Yes grid independent, you are only allowed to switch over during an outage if you have batteries. But even if it wasn’t allowed, I doubt they would have the personnel to police it in the event of a collapse.

Yeah my house isn’t independent for emergencies. But the my friends have a ranch that’s off grid. About 10 families are going to co-locate there when things head south.

We have a hundred-acre farm here in Ohio, we currently lease it out to family, and family cabins in Wisconsin and Colorado. The one in Colorado is off-grid.

1 Like

Isn’t the main difference being that we can’t simply “print money” our way to prosperity this time?

Well tonight’s newly announced Fed package is printing money to “back stop depositers,” so it’s not much different.

But yes, even the keynesians (doves) on the Fed have recognized that we have reached a limit and can no longer print out way into prosperity.

I pretty much agree. Unless we can magically eliminate our deficit and debt, and magically make everyone in the US law abiding productive members of society, and magically give everyone salaries that offer everyone a comfortable living, then I simply see the US economy treading water for the next decade or so.

2 Likes

Saving the banks is essentially a necessary evil, is it not? Wasn’t one of the criticisms of the 2008 meltdown that the Fed should have jumped in sooner?

Current banking practices are unsustainable.

Best case would be an orderly unwind of those practices.
That is not what is happening.

Perhaps a broad-blanket heavy-handed intervention is called for in this case. I think tonight’s decision by the Fed is too much too soon, but as a conservative I often think that way.

Who are they?

A minority within the GOP.

They never existed.

It was never about smaller government. It was about putting money into the hands of its benefactors and convincing the rank and file to go along with it via The Two Santa Clauses.

Which, politically, worked precisely as advertised but economically was always…always…doomed to failure.

1 Like

Getting this back on track a little bit.

Can taxing the rich solve all our problems?
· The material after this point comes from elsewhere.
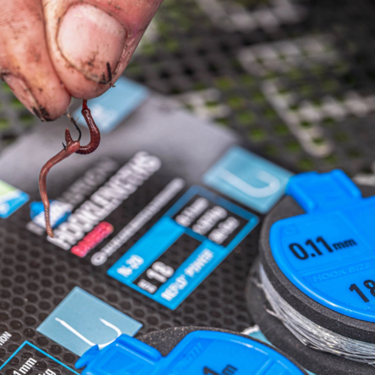 en assortiment onderlijnen van hoge kwaliteit, speciaal ontworpen voor het feeder vissen. Elke spoel heeft 10 1m lange onderlijnen die eenvoudig kunnen worden afgewikkeld en aan uw hoofdlijn bevestigd kunnen worden. De volgende onderlijn kan vervolgens op zijn plaats worden bevestigd met behulp van de roterende pen op de spoel, waardoor onafhankelijke pinnen overbodig zijn. Er zijn hoogwaardige natuurlijke N-serie haken gebruikt in combinatiemet de beproefde Reflo Power lijn. De rolletjes kunnen worden opgeslagen in het Revalution Storage System, perfect om al uw rigs in orde te houden. Weg van vocht en direct zonlicht.

It seems it depends on who is doing the accounting.

Biden claims billionaires pay only 3% on taxes, however the Brookings Institute spills the beans: If you only count actual income, billionaires pay somewhere in the mid 20%.

The 3% number Biden touts is when you count in “unrealized gains”, which is basically ‘voodoo math’ when you think about it.

There is no standard definition for an ‘unrealized gain’ so it can be anything you want it to be.

For example, I pay $440 a month on average on my mortgage. The average rent in my area is $1,200 a month. Is that $800 a month in unrealized gaines? Under Biden math, I could be subject to taxes on that $10,000 I’m not paying in housing costs.

It’s hokey stuff, and it needs to be put down with force.

1 Like

Destroying the job creators through taxation is stupid and a good way to distroy a country.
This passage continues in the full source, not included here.